New York City In Lockdown
Stewart Stogel
Wednesday, Sept. 11, 2002
(New York) - New York City went into a virtual lockdown Tuesday, the
result of both the one-year anniversary of the Sept. 11 attacks and the
opening of the 2002 U.N. General Assembly on Thursday.
The island of Manhattan became a virtual fortress Tuesday afternoon with
the NYPD and U.S. military moving to seal off key streets in midtown.

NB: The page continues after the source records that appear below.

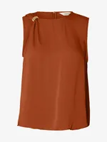 Elegant topp från Selected Femme i vävd satin som kombinerar tidlös elegans med moderna, stilrena detaljer. Den varma nyansen Potters Clay ger ett sofistikerat och jordnära uttryck som gör toppen enkel att styla för både vardag och fest.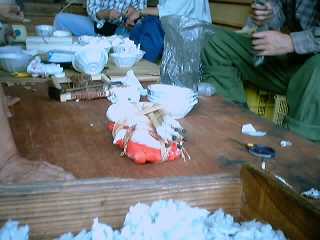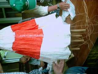 (13) パラシュートのふちにカラースモークの火薬をつける。 布のように見えるが和紙で出来ています。直径2m70cmという大きさです。 |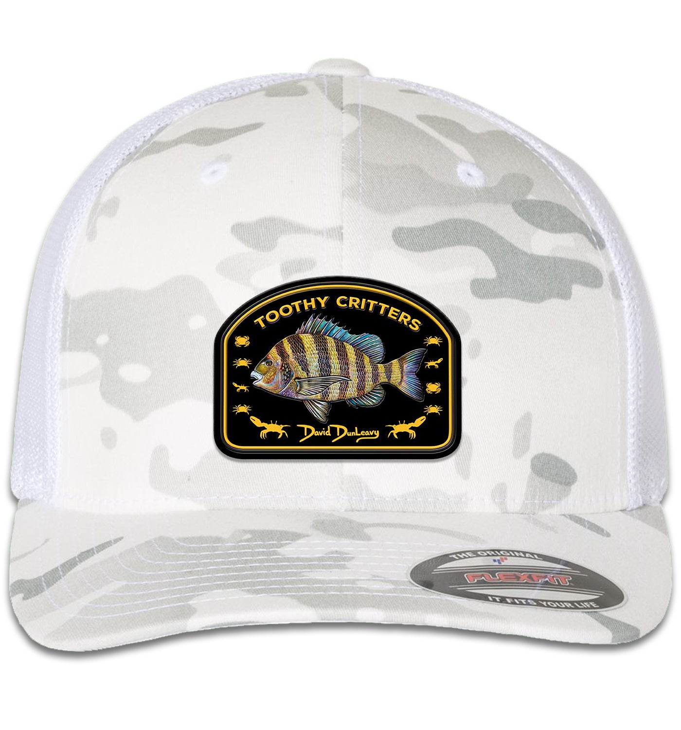 Sheepshead Toothy Critters Camo Permacurv Visor Six Panel Trucker Flexfit Hat with mesh back. The Perfect Sheepshead Toothy Critters Camo Hat for the warm climates, plenty of ventilation with the mesh. Our comfortable cap is designed to use on and off the water. Sheepshead Toothy Critters Hat Patch along with great fit will have you calling this your favorite everyday Hat. One Size Fits Most

As police and military helicopters made continuous sweeps over the
city skyline, sand trucks were moved into location, blocking access to
such well-known city landmarks as the Empire State Building and United
Nations headquarters.
Tours to the Statue of Liberty and nearby Ellis Island were suspended and
National Guardsmen moved into position in New York's Grand Central Terminal
and Penn Station.
At United Nations headquarters and the U.S./U.N. mission across the street
on New York's East River waterfront, the Secret Service and the U.S. military
began preparing for the arrival of President George W. Bush on Thursday.

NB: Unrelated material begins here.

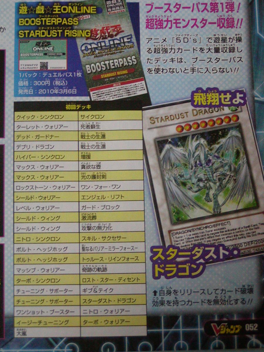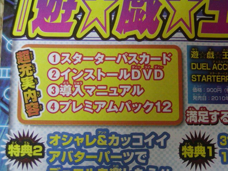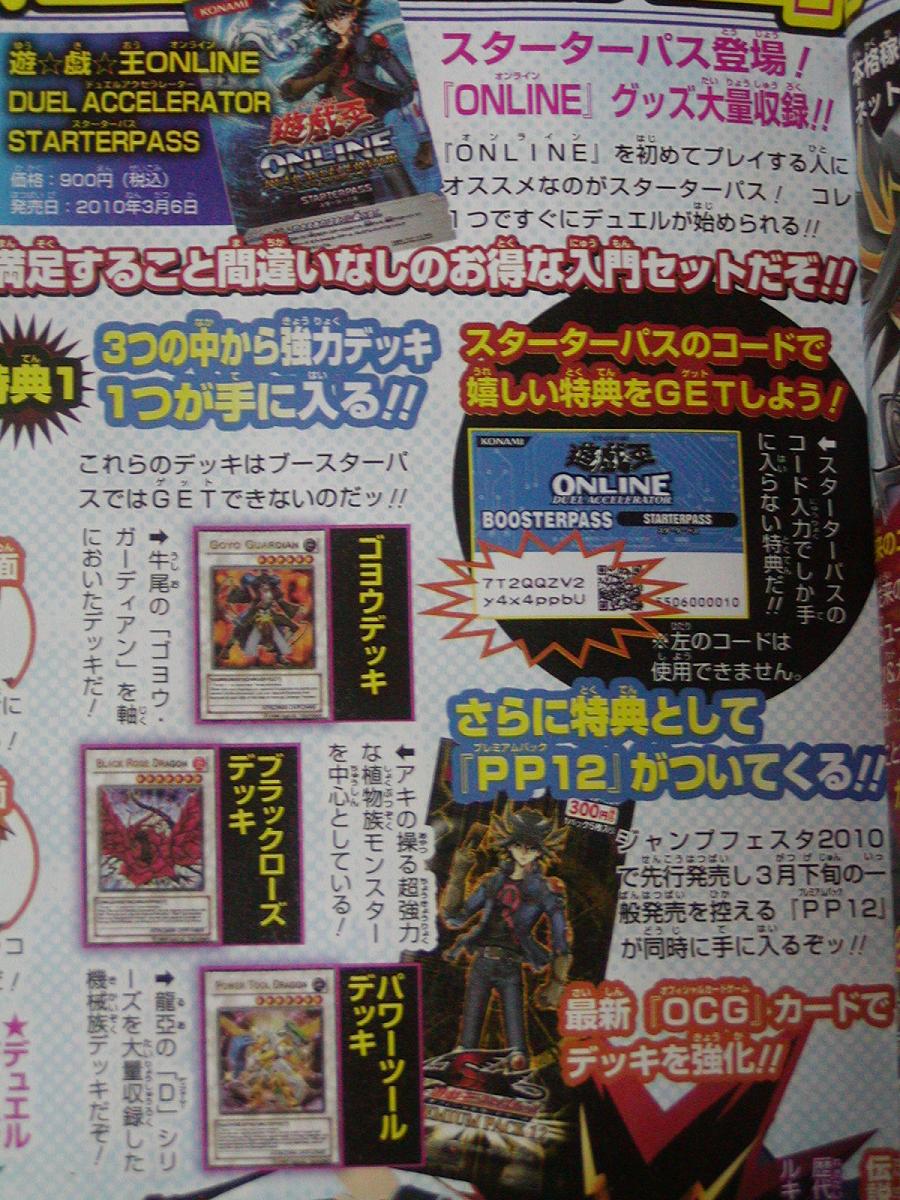VJ到着 その他 2010年02月18日 さてVJ到着しました。綺麗な画像は明日UPし直しますがとりあえず内容紹介。3月6日発売のスターターパスのランダムで手に入る3つのデッキ内容。ゴヨウデッキ、ブラックローズデッキパワーツールデッキ。何気に豪華だな。入っているものはスターターパス、インストDVDマニュアル、PP12のパック。OCGやってる人もそれ目当てに買いそうな悪寒がw。手に入るアバターは全部で6種類ランダムかどうかは書いていない。同じく3月6日発売のブースターパスの情報。まずは最初の入力で手に入るストラクのカードリスト結構豪華だな。あと、従来のパスと同様に6種別のカードがランダムで手に入るようです。とりあえずこんなところでした。それはそうと早くコナミスタイル予約始めろよ。あと半月くらいしかないぞ。 PR

Bush, along with Pakistani president Pervez Musharraf and Afghan president
Hamid Karzai, is scheduled to address the opening of the United Nations
2002 General Assembly.
The NYPD's harbor patrol and the U.S. Coast Guard began positioning ships not
only along the U.N.'s waterfront but also at several key bridges, such as the
George Washington and Verrazano Narrows bridges. The Narrows bridge,
the longest single-suspension bridge in America, straddles the entrance
to New York harbor and is the starting point for the annual New York
Marathon.
Even New York area post offices were put on alert, a result of the anthrax attacks after 9/11. The United Nations Post Office was ordered shut for at least a week by the U.S. Secret Service.

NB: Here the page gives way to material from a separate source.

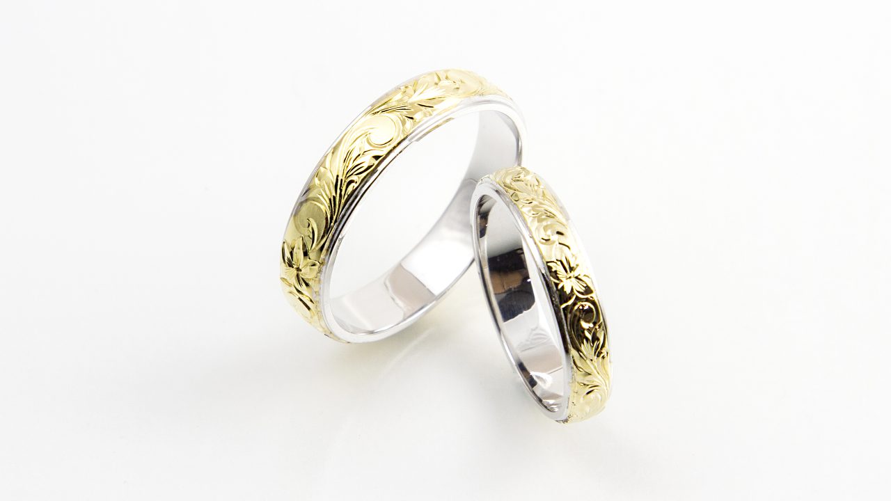 コンビ左幅5mmx4mm厚1.8mmWGxYGスクロール&リーフ 右幅4mmx3mm厚1.8mmWGxYGスクロール&リーフ

"No mail in, no mail out," a postal clerk sheepishly informed patrons.
The U.N. facility serves more than 10,000 workers at the world organization's headquarters.
"What can we do?" explained one postal official. "We believe we will be down for a week, but it could be more; the Secret Service is not revealing the details."
While many folks both inside the U.N. and outside began complaining about the security actions, when they thought back to Sept. 11, 2001, those complaints quickly vanished. And as New Yorkers are famed for doing, they just accepted the restrictions and tried to move about the Big Apple as best they could.